Mismas luchas y mismas amenazas
El epílogo cierra el círculo, como veíamos al principio, y el profesor onubense recupera la idea de que las artes liberales son necesarias y superiores a otras artes que podríamos llamar serviles. Las artes liberales persiguen la virtud y la belleza, son un fin en sí mismo, forjan el carácter y el estímulo intelectual, perfeccionan al sujeto y conducen a una vida trascendente. Por su parte, las artes serviles se dirigen a la producción de bienes de consumo, son medio para otro fin, perfeccionan objetos y conducen a una vida de mera supervivencia.

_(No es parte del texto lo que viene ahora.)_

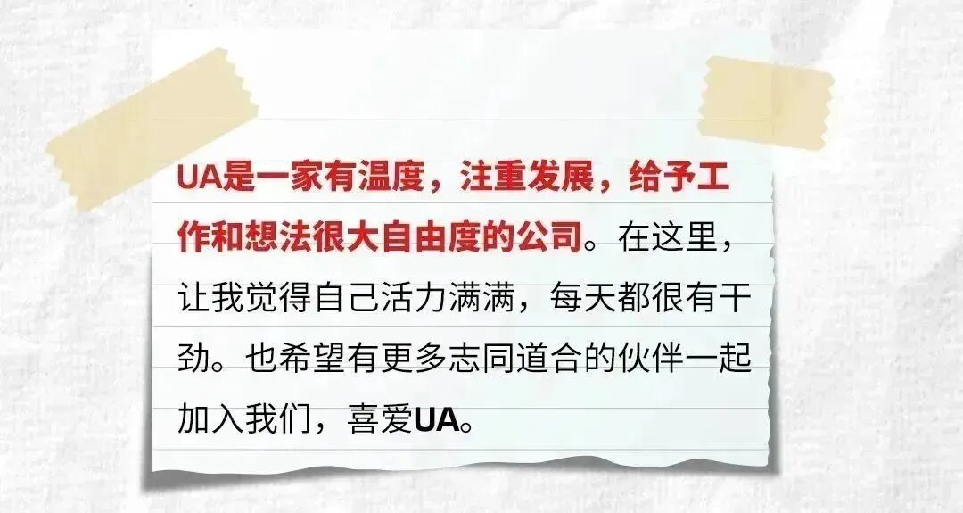文章内容来源于公众号:Under Armour安德玛招聘,点此可查看原文,内容版权归相关企业所有,本网站仅供交流学习。若涉及版权问题或存在侵权情况,请及时与我们联系,我们将第一时间进行删除处理。

Es muy sugerente la historia del final, ubicada en el Nueva York de los inicios del siglo XX. En esa ciudad que pugnaba por ser la cabeza del planeta, Rockefeller intentó, con la complacencia de los políticos, hacer una «escuela moderna» al servicio del mercado. Una educación floja y poco exigente, en la que se enseñaría a trabajar con las manos, pero no educaría en virtud. Algunos alumnos de los barrios más pobres se rebelaron porque se dieron cuenta de que ese camino mermaría sus posibilidades y les condenaría a una vida cautiva. Sin una verdadera educación liberal, que abriese sus mentes y pusiese sus corazones a disposición de la comunidad, no podrían sino ser obreros a los que la educación superior les estaría vetada. ¿No encontramos ciertos parecidos con la educación actual? La misma lucha, el mismo peligro, la misma amenaza. No faltan voces advierten de a dónde realmente puede abocarnos toda esta educación light y distraída. Tal vez sea el momento de plantearse si muchos de los problemas sociales no tienen también un cierto origen en una educación que se resiste a romper los moldes del individualismo y el utilitarismo. El momento de revisitar a nuestros clásicos para entender que el honor, el trabajo por la comunidad, la templanza o el rigor intelectual son maneras de mantener viva y activa la sociedad mientras aquellos que la pueblan tienen la posibilidad de florecer y realizarse en ella.